Iteration: 1 Global best: 89.77
Iteration: 2 Global best: 302.96
Trail 1 solved in 2 iterations and 4.8 seconds.
Iteration: 1 Global best: 174.49
Iteration: 2 Global best: 245.61
Trail 2 solved in 2 iterations and 5.2 seconds.
Iteration: 1 Global best: 142.46
Iteration: 2 Global best: 310.86
Trail 3 solved in 2 iterations and 5.8 seconds.
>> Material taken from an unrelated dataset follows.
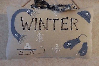 Title (ebay affiliate link): Primitive WINTER Pillow Tuck Folk Art Painted Mittens Scarf Hat Sled Snowballs
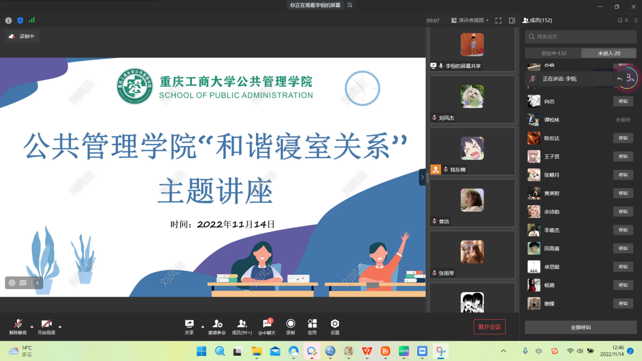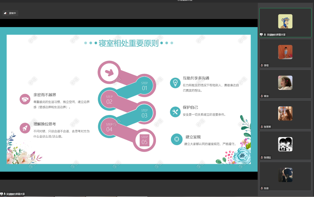 当前位置: 首页 >> 联系我们 >> 正文 英国365上市公司举办主题讲座“和谐寝室关系” 时间:2022年11月14日 17:10 来源:英国365上市公司 李恒 为帮助在校老员工更好地处理宿舍人际交往问题,营造温馨和谐的宿舍氛围, 2022年11月14日中午,英国365上市公司线上举办了“和谐寝室关系”主题讲座,本次讲座邀请公司心理健康中心专职咨询师吴骕騻作为主讲人,公司党委副书记谢书楠、全体辅导员及260名员工次参与了本次讲座。 讲座在谢书楠副书记的致辞中拉开帷幕,她首先肯定了本次活动的意义,希望同学们能将讲座中学到的沟通技巧从宿舍关系外延拓展到日常人际关系中。主讲人吴骕騻老师主要从常见的寝室矛盾、正确看待寝室关系、如何解决寝室矛盾和寝室相处的重要原则四个部分出发。吴老师在讲座中给同学们分享了许多宿舍关系的处理和人际交往的技巧,虽然都是身边的小事,但却蕴含着为人处世的智慧,并给同学们提供了一些处理寝室人际关系的方法,同学们收获颇丰。 此次讲座对于员工缓解疫情形势下的不良情绪、引导宿舍关系正向发展提供了更有针对性的指导,同时强化了宿舍长、楼层长的责任意识,促进了公司宿舍管理以及疫情防控常态化管理机制的进一步健全。 上一条:凝心聚力启新程:公司召开2023年第一次员工工作例会 下一条:喜报:公司获评公司2022年老员工暑期“三下乡”社会实践活动先进集体 【关闭】

Iteration: 1 Global best: 246.93
Trail 4 solved in 1 iterations and 2.1 seconds.
Iteration: 1 Global best: 119.81
Iteration: 2 Global best: 403.09
Trail 5 solved in 2 iterations and 6.2 seconds.
Iteration: 1 Global best: 89.49
Iteration: 2 Global best: 278.31
Trail 6 solved in 2 iterations and 4.3 seconds.
Iteration: 1 Global best: 108.17
Iteration: 2 Global best: 500.0
Trail 7 solved in 2 iterations and 7.9 seconds.
Iteration: 1 Global best: 203.35
Trail 8 solved in 1 iterations and 2.3 seconds.
Iteration: 1 Global best: 302.57
Trail 9 solved in 1 iterations and 3.6 seconds.
Iteration: 1 Global best: 108.23
Iteration: 2 Global best: 493.94
Trail 10 s

We see the average solve iterations has dropped to 1.7. Clearly, the problem has been made easier but raising the episode limit.